A butterfly-shaped organ, the thyroid gland is located anterior to the trachea, just inferior to the larynx (Figure 17.4.1). The medial region, called the isthmus, is flanked by wing-shaped left and right lobes. Each of the thyroid lobes are embedded with parathyroid glands, primarily on their posterior surfaces. The tissue of the thyroid gland is composed mostly of thyroid follicles. The follicles are made up of a central cavity filled with a sticky fluid called colloid. Surrounded by a wall of epithelial follicle cells, the colloid is the center of thyroid hormone production, and that production is dependent on the hormones’ essential and unique component: iodine.

 
Figure 17.4.1: Thyroid Gland. The thyroid gland is located in the neck where it wraps around the trachea. (a) Anterior view of the thyroid gland. (b) Posterior view of the thyroid gland. (c) The glandular tissue is composed primarily of thyroid follicles.

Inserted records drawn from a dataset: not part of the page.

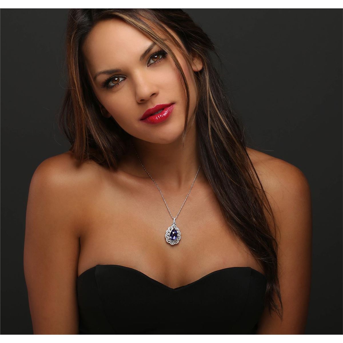 One electronically tested 14KT white gold ladies cast & assembled tanzanite and diamond pendant with chain. The pendant features a tanzanite set within a diamond lattice, completed by a diamond set bail. The pendant is supported by an eighteen inch length 14KT white gold designer style chain, terminating in a lobster claw clasp. Bright polish finish. Trademark is PMI. Identified with markings of "14K". Condition is new, good workmanship. Containing: One prong set pear mixed cut natural tanzanite, measuring 16.80 x 10.30 x 6.40mm, 8% bulge factor, approximate weight of 8.01ct., clarity is eye clean, type I, medium dark, very slightly grayish, bluish violet color, (GIA bV 6/3), cut is good. Transmitting light with no distortion, transparent. Colored Stone Grading Report attached. Graded in the setting. Tanzanite is a very rare gemstone that is only found in the country of Tanzania. Originally discovered in 1967. Tiffany & Company, named the stone Tanzanite. It is found in the Usumburu Mountains that border the Umba Valley of northern Tanzania. Tanzanite occurs in gray, brown, violet, blue, reddish-purple, & green. The gem is interesting because of its exceptional pleochroism. Rotated in different directions a tanzanite will exhibit multiple changes of color. Tanzanite has a low tolerance to ultrasonic cleaning, and should not be cleaned using this method. One Hundred Sixty-Two prong set round brilliant cut diamonds, measuring 1.20 - 1.10 x 0.69mm (depth est.) approximate total weight of 162 Stones = 1.00ct. Graded in the setting. Clarity: I-1 to I-2. Color: G - I. Total Weight of Colored Stones 8.01ct. Total Weight of Diamonds 1.00ct. Total Weight of Pendant With Chain 11.92 grams. AIG Appraised at $25,040.00.
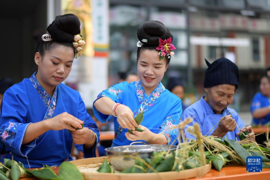 6月20日,居民在貴州省黔東南苗族侗族自治州臺江縣萃文街道方黎灣社區包粽子。
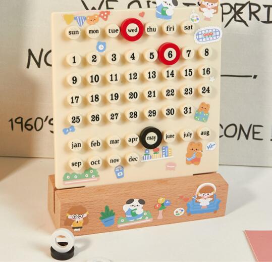 万年カレンダー卓上アクリル 木製木ウッド携帯スタンド 韓国インテリア雑貨おしゃれかわいいシンプル北欧大きい子ども部屋キッズ2023組み合わせずっと使える可愛い入れ替え
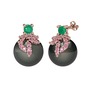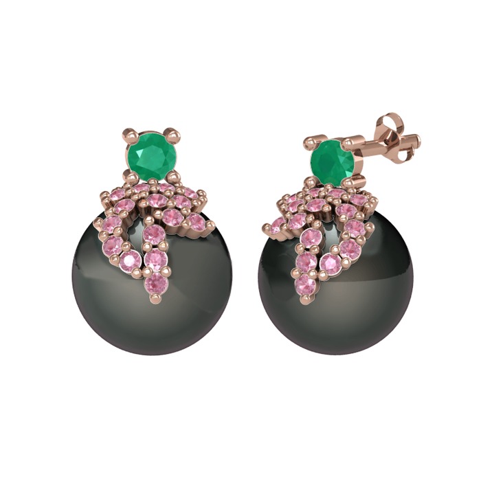 Kök zümrüt, pembe kuvars ve siyah inci 18 ayar rose altın küpe
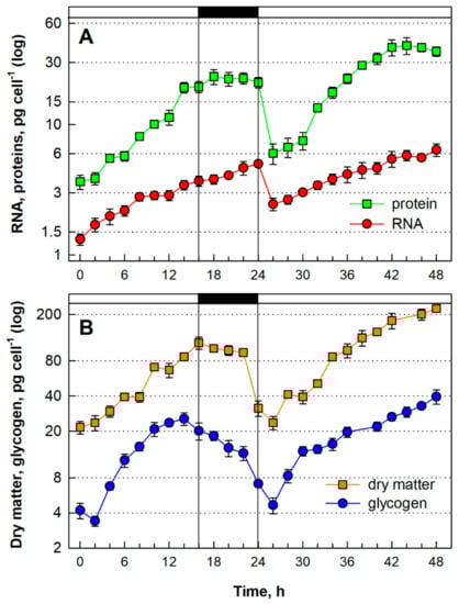 The accumulation of glycogen, the energy reserve of red algae, was followed within the synchronized culture (Figure 3B, blue circles). The net content of glycogen started to increase from the beginning of the cell cycle, reaching a peak (25.5 pg cell−1) at the 14th h. The glycogen content increased by about 6 fold and was consumed during the dark phase to a value of 7.1 pg cell−1 (Figure 3B, blue circles; dark phase indicated by the black bar). After dilution of the culture to the initial concentration, the glycogen pool started to grow again in the next cell cycle, in continuous light, and the cells acquired about 8.5-fold higher levels of glycogen (39.5 pg cell−1) at the end of the cell cycle (Figure 3B, blue circles, 48 h).

The larger parafollicular cells often appear within the matrix of follicle cells. LM × 1332. (Micrograph provided by the Regents of University of Michigan Medical School © 2012)

Synthesis and Release of Thyroid Hormones

Hormones are produced in the colloid when atoms of the mineral iodine attach to a glycoprotein, called thyroglobulin, that is secreted into the colloid by the follicle cells. The following steps outline the hormones’ assembly:

  1. Binding of TSH to its receptors in the follicle cells of the thyroid gland causes the cells to actively transport iodide ions (I) across their cell membrane, from the bloodstream into the cytosol. As a result, the concentration of iodide ions “trapped” in the follicular cells is many times higher than the concentration in the bloodstream.
  2. Iodide ions then move to the lumen of the follicle cells that border the colloid. There, the ions undergo oxidation (their negatively charged electrons are removed). The oxidation of two iodide ions (2 I) results in iodine (I2), which passes through the follicle cell membrane into the colloid.
  3. In the colloid, peroxidase enzymes link the iodine to the tyrosine amino acids in thyroglobulin to produce two intermediaries: a tyrosine attached to one iodine and a tyrosine attached to two iodines. When one of each of these intermediaries is linked by covalent bonds, the resulting compound is triiodothyronine (T3), a thyroid hormone with three iodines. Much more commonly, two copies of the second intermediary bond, forming tetraiodothyronine, also known as thyroxine (T4), a thyroid hormone with four iodines.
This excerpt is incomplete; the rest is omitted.